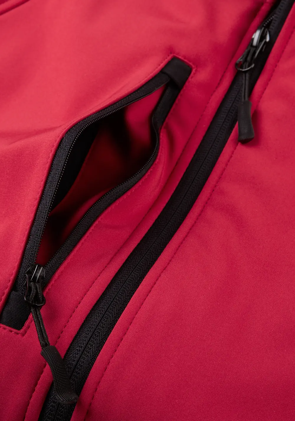 3-layer softshell fabric with breathable membrane and bonded microfleece lining, water resistant to 5000mm.
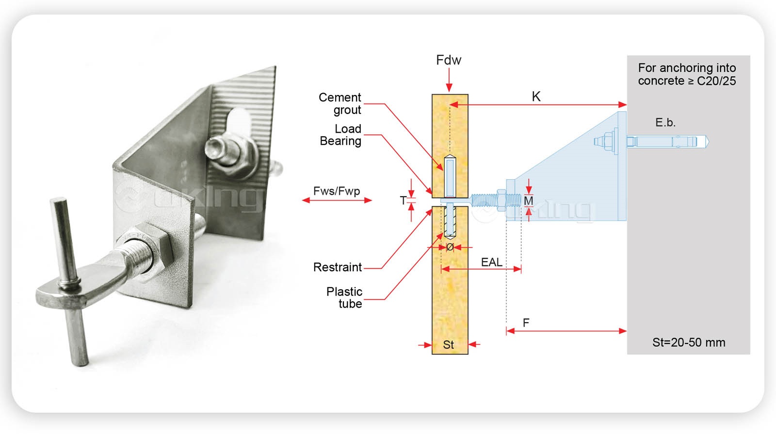 | K (mm) | K - (mm) | K (mm) | Fdw (N) | F (mm) | Fwp (N) | Fws (N) | E.b.(mm) | ф (mm) | M (mm) | T (mm) | EAL(mm) | |
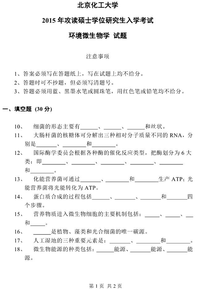 2015年北京化工大学811环境微生物学考研真题
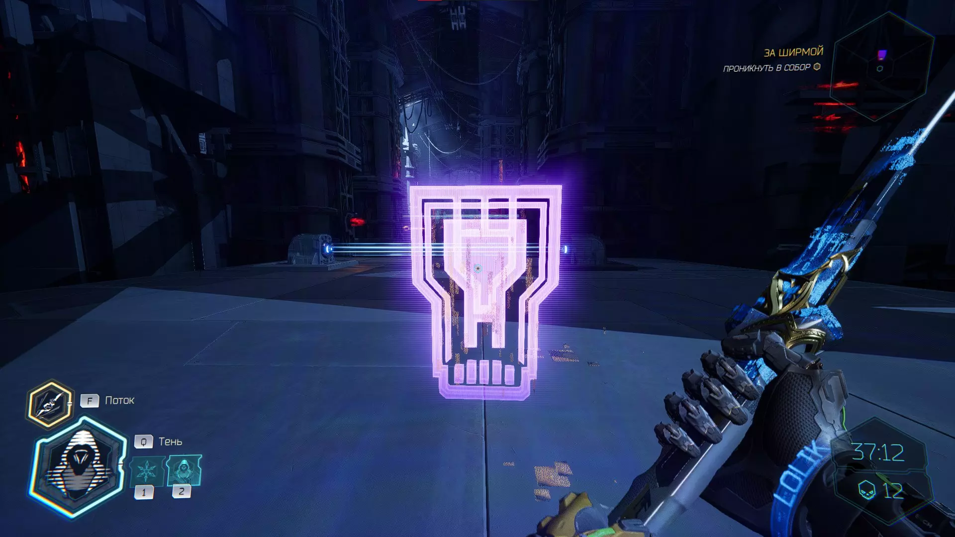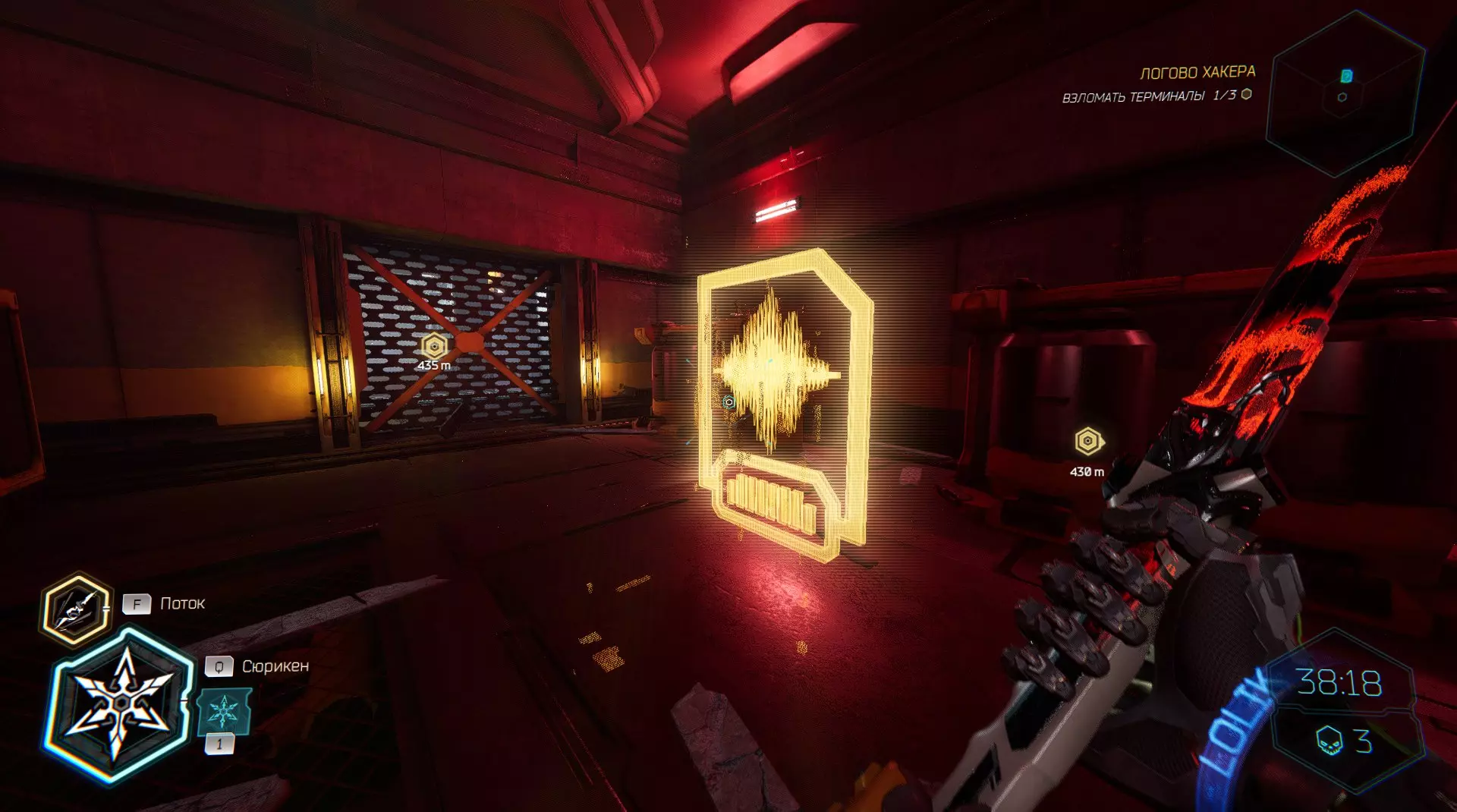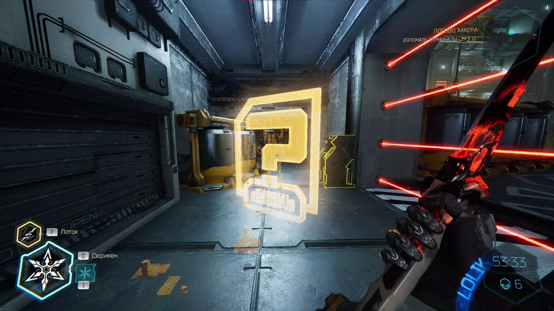 走向下一个终端时,你会穿过一扇门。要打开这扇门,你必须将手里剑扔向门上方的电气面板。进入平台后,向左走会看到一个格栅,打破它,小心穿过激光,然后拾取神器。 在屏障后面
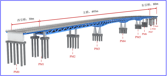 香槐六路跨灞河橋工程位于灞河隴海鐵路大橋下游至灞橋區(qū)、浐灞生態(tài)園區(qū)交界處,距北三環(huán)橋約700m,西起歐亞六路,東接香槐六路,全長732m,為特大型橋梁。其中主橋總長495m,采用六跨57.5+71+120+120+70+57.5m變高連續(xù)鋼桁梁結構,引橋及引道長237m。橋梁采用雙層橋面,上層橋面為機動車道,寬25m,下層橋面為人行通道,寬11m。其主跨120m跨度及充分利用鋼桁梁結構特點,采用了人、車分離式雙層橋面布局,均屬灞河上同類橋梁的首創(chuàng)。
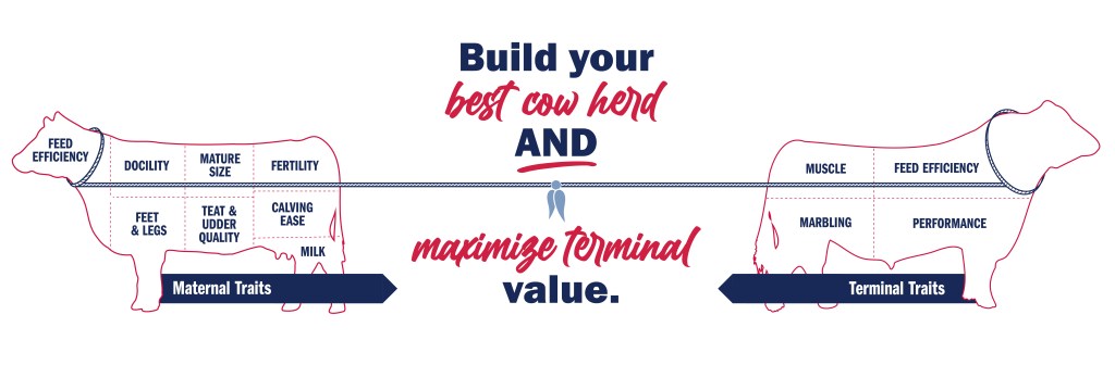 When you select genetics for maternal or terminal, it does not have to be a tug o’ war between the two. For instance, you do not have to worry about choosing too much maternal and compromising the terminal value of calves destined for the beef supply chain. The tools, technology, and genetics available to you today give you the power to choose!
-=-=-
Repeat exactly the lines in the entries from the one containing "香槐六路跨灞河橋工程位于灞河" to the final line, inclusive, and nothing beyond them; skip pictures.

_RESULT OF THE TASK_
 香槐六路跨灞河橋工程位于灞河隴海鐵路大橋下游至灞橋區(qū)、浐灞生態(tài)園區(qū)交界處,距北三環(huán)橋約700m,西起歐亞六路,東接香槐六路,全長732m,為特大型橋梁。其中主橋總長495m,采用六跨57.5+71+120+120+70+57.5m變高連續(xù)鋼桁梁結構,引橋及引道長237m。橋梁采用雙層橋面,上層橋面為機動車道,寬25m,下層橋面為人行通道,寬11m。其主跨120m跨度及充分利用鋼桁梁結構特點,采用了人、車分離式雙層橋面布局,均屬灞河上同類橋梁的首創(chuàng)。
 When you select genetics for maternal or terminal, it does not have to be a tug o’ war between the two. For instance, you do not have to worry about choosing too much maternal and compromising the terminal value of calves destined for the beef supply chain. The tools, technology, and genetics available to you today give you the power to choose!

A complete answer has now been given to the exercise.